Best Cancer Test: HPV vs. Pap Smear

For more than 60 years the Pap smear has been the screening method of choice for cervical cancer, but it is not the best approach for assessing risk in older women, new research suggests.

Findings from a large, Danish study provide compelling evidence that testing for human papillomavirus (HPV) is more effective for identifying older women with a high risk of developing cervical cancer.

Cervical cancer is caused by HPV infection, which is spread through sexual contact. Two specific types -- HPV 16 and HPV 18 -- are believed to be responsible for up to 70% of cases worldwide.

HPV is fairly common among younger women, but in most cases infection is transient and does not pose a health risk.

Infection tends to be rarer and more persistent in older women, however, and infection later in life is increasingly recognized as a major risk factor for cervical cancer.

In the newly reported study, women between the ages of 40 and 50 who tested positive for HPV had a greater than 20% chance of developing cervical cancer within 10 years. Most of these older women with positive HPV tests had concurrent Pap smear results that were negative.

"We have documented that a single HPV test can actually predict older women at risk for cervical cancer better than a single Pap smear can," says researcher Susan Kruger Kjaer, MD.

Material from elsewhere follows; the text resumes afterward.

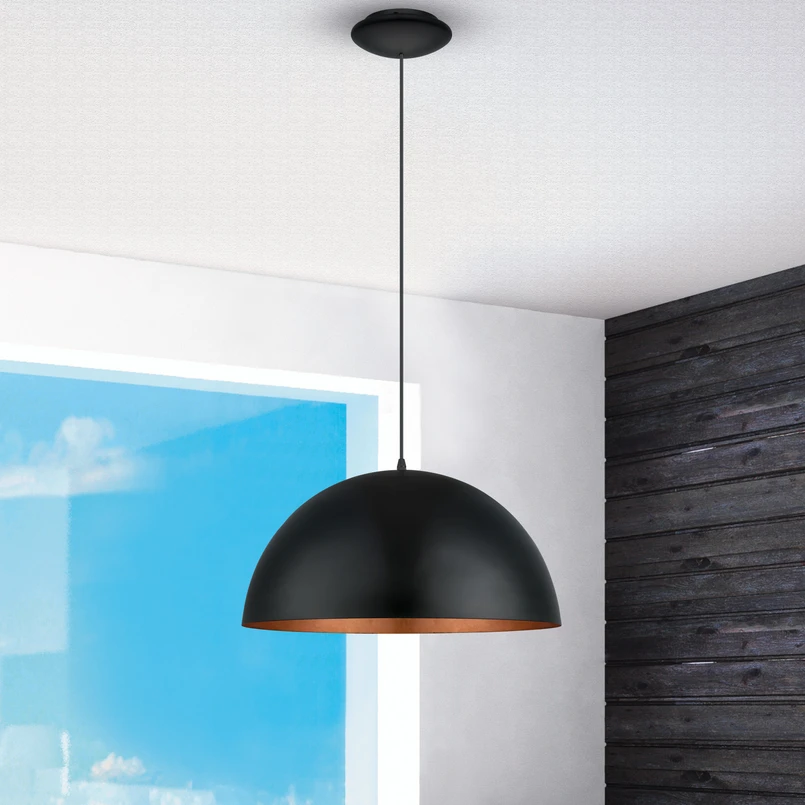 Gaetano 1 lampă suspendată, negru la exterior, cupru la interior Lampa suspendată Gaetano este prezentată în culorile trendy negru și cupru. Abajurul, care este larg deschis în partea de jos, este fabricat din metal și este vopsit în negru mat la exterior și are un finisaj cupru lucios la interior. Interiorul din cupru creează un efect de iluminare foarte cald în camerele de zi, sălile de mese sau chiar în bucătărie. Orice tip de sursă de lumină poate fi utilizată în soclul E27 din abajurul lat. Becurile cu aspect de filament sunt deosebit de decorative.

"Based on these results, we feel that an HPV test would benefit older women, whether or not that test is used in conjunction with Pap smears, or used by itself as an initial screen."

Better Long-Term Predictor

Kjaer and colleagues from the Danish Cancer Society compared HPV and Pap smear screening in two Danish populations -- 8,656 women between the ages of 22 and 32, and 1,578 women between the ages of 40 and 50.

Cervical samples were collected from all of the women for HPV testing, and they all had multiple Pap smear tests over 10 years of follow-up.

In a pap test, cells from a woman's cervix are sampled and examined under a microscope for abnormalities.

Twenty-one percent of the older HPV-positive women with negative Pap smears developed cervical cancer or precancerous cervical lesions within 10 years, compared with just 1.7% of women who tested negative on both screening exams.

As expected, HPV infection was more common in the younger women (17%) than in the older women (3%). And the older women who tested positive for HPV tended to have more severe cervical abnormalities than the younger women.

The study is published in the Nov. 1 issue of the journal Cancer Research.
Current Guidelines

The American Cancer Society (ACS) recommends that all women begin having annual Pap test screening within three years of having vaginal intercourse, but no later than 21 years of age.

Beginning at age 30, women who have had three normal Pap tests in a row may choose to be screened every two to three years.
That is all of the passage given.